R Huerta1, D Dewailly, C Decanter, E S Knochenhauer, L R Boots, R Azziz.   

Abstract

OBJECTIVE: To test the hypothesis that patients with nonclassic adrenal hyperplasia (NCAH) exhibit a generalized exaggeration in their response to ACTH stimulation that favors the normal production of F. Patients with 21-hydroxylase (21-OH)-deficient NCAH do not demonstrate cortisol (F) deficiency.
DESIGN: Prospective controlled study.
SETTING: Tertiary university clinic. PATIENT(S): Twenty-four untreated patients with NCAH diagnosed by a 17 alpha-hydroxyprogesterone (17-HP) level of >30.3 nmol/L (>10 ng/mL), and 37 age- and body mass-matched healthy eumenorrheic nonhirsute controls.
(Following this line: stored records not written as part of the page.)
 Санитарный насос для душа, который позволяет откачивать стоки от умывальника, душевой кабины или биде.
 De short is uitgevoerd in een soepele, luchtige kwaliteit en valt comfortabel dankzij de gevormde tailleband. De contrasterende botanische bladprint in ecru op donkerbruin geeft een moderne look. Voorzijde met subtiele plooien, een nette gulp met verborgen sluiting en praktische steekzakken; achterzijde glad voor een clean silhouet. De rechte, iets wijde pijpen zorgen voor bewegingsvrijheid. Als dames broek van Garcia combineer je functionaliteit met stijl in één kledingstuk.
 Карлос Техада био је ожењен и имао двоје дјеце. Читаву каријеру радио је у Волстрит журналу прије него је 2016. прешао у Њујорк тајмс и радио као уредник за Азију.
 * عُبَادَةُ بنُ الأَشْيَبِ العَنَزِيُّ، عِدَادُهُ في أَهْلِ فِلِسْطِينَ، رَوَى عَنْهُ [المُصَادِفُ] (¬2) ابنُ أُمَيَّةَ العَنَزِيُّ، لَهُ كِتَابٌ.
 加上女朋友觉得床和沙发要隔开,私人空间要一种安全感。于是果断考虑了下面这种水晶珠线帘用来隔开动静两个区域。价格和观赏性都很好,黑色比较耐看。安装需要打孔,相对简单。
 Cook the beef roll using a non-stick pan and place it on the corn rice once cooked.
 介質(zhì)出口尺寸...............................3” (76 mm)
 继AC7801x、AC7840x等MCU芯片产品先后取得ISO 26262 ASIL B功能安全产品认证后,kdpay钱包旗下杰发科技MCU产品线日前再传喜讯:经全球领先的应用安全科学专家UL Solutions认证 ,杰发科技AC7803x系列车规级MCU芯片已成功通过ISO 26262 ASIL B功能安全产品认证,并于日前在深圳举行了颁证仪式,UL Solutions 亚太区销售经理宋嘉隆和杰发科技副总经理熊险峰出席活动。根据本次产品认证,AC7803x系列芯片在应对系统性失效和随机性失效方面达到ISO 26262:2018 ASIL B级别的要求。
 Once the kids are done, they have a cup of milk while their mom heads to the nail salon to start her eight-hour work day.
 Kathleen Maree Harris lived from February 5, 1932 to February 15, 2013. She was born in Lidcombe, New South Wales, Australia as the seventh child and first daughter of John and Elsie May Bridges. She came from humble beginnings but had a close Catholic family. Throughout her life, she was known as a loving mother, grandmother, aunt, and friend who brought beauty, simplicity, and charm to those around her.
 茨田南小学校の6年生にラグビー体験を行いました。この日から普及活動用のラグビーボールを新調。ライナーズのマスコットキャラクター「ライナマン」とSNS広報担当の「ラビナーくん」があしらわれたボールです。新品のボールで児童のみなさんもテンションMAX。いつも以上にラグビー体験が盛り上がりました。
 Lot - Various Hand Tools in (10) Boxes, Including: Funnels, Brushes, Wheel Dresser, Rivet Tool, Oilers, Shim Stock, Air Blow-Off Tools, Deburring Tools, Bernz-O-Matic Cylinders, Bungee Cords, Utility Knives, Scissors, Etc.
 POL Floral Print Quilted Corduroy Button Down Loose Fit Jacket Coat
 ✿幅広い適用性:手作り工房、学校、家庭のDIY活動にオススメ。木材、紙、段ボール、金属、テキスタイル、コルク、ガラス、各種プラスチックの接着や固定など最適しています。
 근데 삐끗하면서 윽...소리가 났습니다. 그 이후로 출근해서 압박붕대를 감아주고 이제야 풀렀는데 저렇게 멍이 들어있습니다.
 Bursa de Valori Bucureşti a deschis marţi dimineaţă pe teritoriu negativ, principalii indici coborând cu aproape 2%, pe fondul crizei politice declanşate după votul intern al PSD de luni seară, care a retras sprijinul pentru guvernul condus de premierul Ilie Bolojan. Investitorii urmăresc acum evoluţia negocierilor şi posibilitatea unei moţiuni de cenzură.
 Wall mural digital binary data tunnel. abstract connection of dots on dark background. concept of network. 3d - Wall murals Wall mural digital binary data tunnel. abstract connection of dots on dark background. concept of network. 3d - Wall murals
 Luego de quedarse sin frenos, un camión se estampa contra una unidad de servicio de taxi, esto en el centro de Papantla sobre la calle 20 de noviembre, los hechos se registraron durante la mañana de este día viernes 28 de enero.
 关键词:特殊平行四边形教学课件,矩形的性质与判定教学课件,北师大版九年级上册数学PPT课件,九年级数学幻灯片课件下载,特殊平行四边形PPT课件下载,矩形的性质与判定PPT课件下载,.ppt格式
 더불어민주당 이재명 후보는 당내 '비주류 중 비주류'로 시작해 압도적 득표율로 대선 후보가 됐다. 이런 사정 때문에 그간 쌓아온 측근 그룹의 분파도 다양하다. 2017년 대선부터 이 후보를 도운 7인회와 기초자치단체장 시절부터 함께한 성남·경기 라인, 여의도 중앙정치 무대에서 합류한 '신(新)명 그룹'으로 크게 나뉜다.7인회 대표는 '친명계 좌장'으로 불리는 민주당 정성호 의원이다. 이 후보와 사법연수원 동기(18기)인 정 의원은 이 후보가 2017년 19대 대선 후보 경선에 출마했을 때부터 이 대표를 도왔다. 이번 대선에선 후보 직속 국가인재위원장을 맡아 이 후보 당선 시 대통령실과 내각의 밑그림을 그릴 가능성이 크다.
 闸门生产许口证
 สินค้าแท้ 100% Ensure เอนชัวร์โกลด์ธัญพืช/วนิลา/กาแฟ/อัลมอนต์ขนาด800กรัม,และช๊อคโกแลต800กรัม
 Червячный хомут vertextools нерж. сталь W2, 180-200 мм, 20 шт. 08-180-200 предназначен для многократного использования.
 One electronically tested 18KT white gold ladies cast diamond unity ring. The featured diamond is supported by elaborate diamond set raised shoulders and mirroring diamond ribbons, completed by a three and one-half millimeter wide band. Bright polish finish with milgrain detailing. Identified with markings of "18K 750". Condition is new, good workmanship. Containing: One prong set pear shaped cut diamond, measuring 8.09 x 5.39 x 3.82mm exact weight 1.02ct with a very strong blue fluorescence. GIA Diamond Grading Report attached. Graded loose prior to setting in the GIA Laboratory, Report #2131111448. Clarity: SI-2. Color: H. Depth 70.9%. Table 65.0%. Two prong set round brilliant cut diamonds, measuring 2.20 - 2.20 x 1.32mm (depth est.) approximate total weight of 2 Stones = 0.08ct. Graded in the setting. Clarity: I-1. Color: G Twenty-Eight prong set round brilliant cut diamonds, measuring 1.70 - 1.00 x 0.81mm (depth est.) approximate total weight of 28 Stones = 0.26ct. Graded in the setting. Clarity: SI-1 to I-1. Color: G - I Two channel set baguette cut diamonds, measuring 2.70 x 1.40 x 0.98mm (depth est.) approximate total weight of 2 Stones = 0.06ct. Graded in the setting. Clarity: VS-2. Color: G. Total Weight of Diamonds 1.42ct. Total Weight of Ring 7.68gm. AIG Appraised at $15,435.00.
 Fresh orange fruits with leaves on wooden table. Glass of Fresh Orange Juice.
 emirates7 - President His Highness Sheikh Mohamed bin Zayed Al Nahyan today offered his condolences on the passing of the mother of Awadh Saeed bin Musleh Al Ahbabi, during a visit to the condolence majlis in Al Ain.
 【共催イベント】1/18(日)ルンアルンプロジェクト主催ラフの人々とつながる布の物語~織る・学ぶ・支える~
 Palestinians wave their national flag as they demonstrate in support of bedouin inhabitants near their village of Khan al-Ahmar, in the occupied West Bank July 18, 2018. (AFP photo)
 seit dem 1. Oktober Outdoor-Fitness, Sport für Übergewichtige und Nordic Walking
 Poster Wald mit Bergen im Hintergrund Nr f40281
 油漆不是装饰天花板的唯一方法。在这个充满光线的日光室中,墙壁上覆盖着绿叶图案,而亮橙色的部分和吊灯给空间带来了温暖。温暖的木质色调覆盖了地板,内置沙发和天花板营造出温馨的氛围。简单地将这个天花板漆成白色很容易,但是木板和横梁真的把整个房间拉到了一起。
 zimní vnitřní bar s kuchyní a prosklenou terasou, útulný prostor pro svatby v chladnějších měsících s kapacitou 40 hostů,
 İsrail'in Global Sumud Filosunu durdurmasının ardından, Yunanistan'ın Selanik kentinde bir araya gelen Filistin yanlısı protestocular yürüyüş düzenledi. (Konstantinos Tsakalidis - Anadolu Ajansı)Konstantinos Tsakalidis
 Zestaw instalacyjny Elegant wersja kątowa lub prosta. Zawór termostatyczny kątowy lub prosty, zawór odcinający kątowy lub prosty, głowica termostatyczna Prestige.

INTERVENTION(S): All study subjects underwent a 60 minute acute stimulation using 0.25 mg of ACTH-(1-24) i.v. MAIN OUTCOME MEASURE(S): Basal and stimulated serum levels of pregnenolone (PREG), 17-hydroxypregnenolone (17-HPREG), dehydroepiandrosterone (DHA), progesterone (P4), 17-HP, androstenedione (A4), 11-deoxycortisol (S), and cortisol (F). RESULT(S): The median basal (i.e., Steroid(0)) or ACTH-stimulated (i. e., Steroid(60)) serum levels of PREG, 17-HPREG, DHA, P4, 17-HP, A4 and, most importantly, S were higher in NCAH patients than in controls. In contrast, the levels of F at either 0 minute or 60 minutes of stimulation were similar between NCAH and control women. The proportion of NCAH patients with stimulated steroids levels of >the 95th percentile of controls were as follows: 84.21% for PREG(60), 87.5% for 17-HPREG(60), 95.8% for DHA(60), 89.5% for P4(60), 100% for 17-HP(60), 91.7% for A4(60), 29.2% for S(60), and 4. 1% for F(60). CONCLUSION(S): A generalized adrenocortical hyperresponsivity to ACTH stimulation seems to be present in patients with 21-OH-deficient NCAH, with an exaggerated production of S evident in approximately 30%. The excess production of S in these NCAH patients may, in part, account for their normal F production.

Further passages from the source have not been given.